Note: I initially forgot to mention that we had a single fileserver pair offline
for a large part of the day affecting a small percentage of repositories.
This was a side effect of the network problems and their impact on the
high-availability clustering between the fileserver nodes. My apologies
for missing this on the initial writeup.

Background

To understand the problem on Friday, you first need to understand how
our network is constructed. GitHub has grown incredibly quickly over
the past few years. A consequence of that growth is that our infrastructure
has, at times, struggled to keep up with the growth.

Most recently, we’ve been seeing some significant problems with network
performance throughout our network. Actions that should respond in
under a millisecond were taking several times that long with occasional
spikes to hundreds of times that long. Services that we’ve wanted to
roll out have been blocked by scalability concerns and we’ve had a
number of brief outages that have been the result of the network
straining beyond the breaking point.

The most pressing problem was with the way our network switches were
interconnected. Conceptually, each of our switches were connected to
the switches in the neighboring racks. Any data that had to travel from
a server on one end of the network to a server on the other end had to
pass through all of the switches in between. This design often put
a very large strain on the switches in the middle of the chain and those
links became saturated, slowing down any data that had to pass through
them.

To solve this problem, we purchased additional switches to build what’s
called an aggregation network, which is more of a tree structure.
Network switches at the top of the tree (aggregation swtiches) are
directly connected to switches in each server cabinet (access switches).
This topology assures that data never has to move between more than
3 tiers: The switch in the originating cabinet, the aggregation switches,
and the switch in the destination cabinet. This allows the links between
switches to be much more efficiently used.

What went wrong?

Last week the new aggregation switches finally arrived and were installed in
our datacenter. Due to the lack of available ports in our access
switches, we needed to disconnect access switches, change the
configuration to support the aggregation design, and then reconnect them to
the aggregation switches. Fortunately, we’ve built our network with
redundant switches in each server cabinet and each server is
connected to both of these switches. We generally refer to these as “A”
and “B” switches.

Our plan was to perform this operation on the B switches and observe
the behavior before transitioning to the A switches and completing the
migration. On Thursday, November 29th we made these changes on the B
devices and despite a few small hiccups the process went essentially
according to plan. We were initially encouraged by the data we were
collecting and planned to make similar changes to the A switches the
following morning.

On Friday morning, we began making the changes to bring the A switches
into the new network. We moved one device at a time and the maintenance
proceeded exactly as planned until we reached the final switch. As we
connected the final A switch, we lost connectivity with the B switch in
the same cabinet. Investigating further, we discovered a
misconfiguration on this pair of switches that caused what’s called a
“bridge loop” in the
network. The switches are specifically configured to detect this sort
of problem and to protect the network by disabling links where
they detect an issue, and that’s what happened in this case.
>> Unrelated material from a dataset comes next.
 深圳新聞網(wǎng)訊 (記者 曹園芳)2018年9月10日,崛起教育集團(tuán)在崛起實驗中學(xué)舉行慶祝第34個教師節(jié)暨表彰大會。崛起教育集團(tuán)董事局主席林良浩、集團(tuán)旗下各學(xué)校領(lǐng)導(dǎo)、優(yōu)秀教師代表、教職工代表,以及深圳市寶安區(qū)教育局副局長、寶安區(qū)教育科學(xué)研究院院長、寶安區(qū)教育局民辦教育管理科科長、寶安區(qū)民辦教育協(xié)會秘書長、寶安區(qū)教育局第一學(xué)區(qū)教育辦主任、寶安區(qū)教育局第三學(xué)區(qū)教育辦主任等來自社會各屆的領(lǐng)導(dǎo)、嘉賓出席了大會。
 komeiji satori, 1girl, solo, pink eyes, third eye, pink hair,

We were able to quickly resolve the initial problem and return the
affected B switch to service, completing the migration. Unfortunately,
we were not seeing the performance levels we expected. As we
dug deeper we saw that all of the connections between the access
switches and the aggregation switches were completely
saturated. We initially diagnosed this as a “broadcast
storm”
which is one
possible consequence of a bridge loop that goes undetected.
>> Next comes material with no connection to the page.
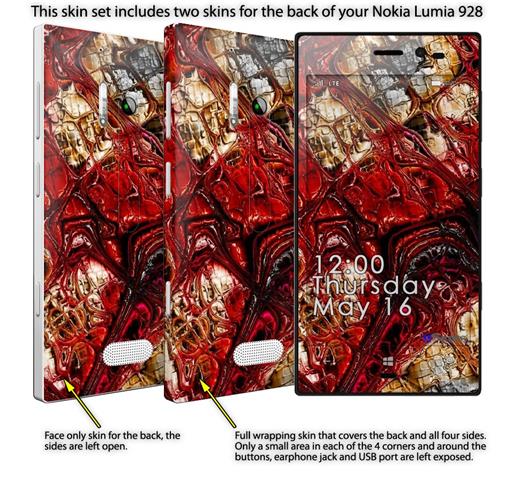 • Decal style vinyl skin covers front, back and side of Nokia Lumia 928 phone.

We spent most of the day auditing our switch
configurations again, going through every port trying to locate what
we believed to be a loop. As part of that process we decided to
disconnect individual links between the access and aggregation switches
and observe behavior to see if we could narrow the scope of the problem
further. When we did this, we discovered another problem: The moment we
disconnected one of the access/aggregation links in a redundant pair,
the access switch would disable its redundant link as well. This was
unexpected and meant that we did not have the ability to withstand a
failure of one of our aggregation switches.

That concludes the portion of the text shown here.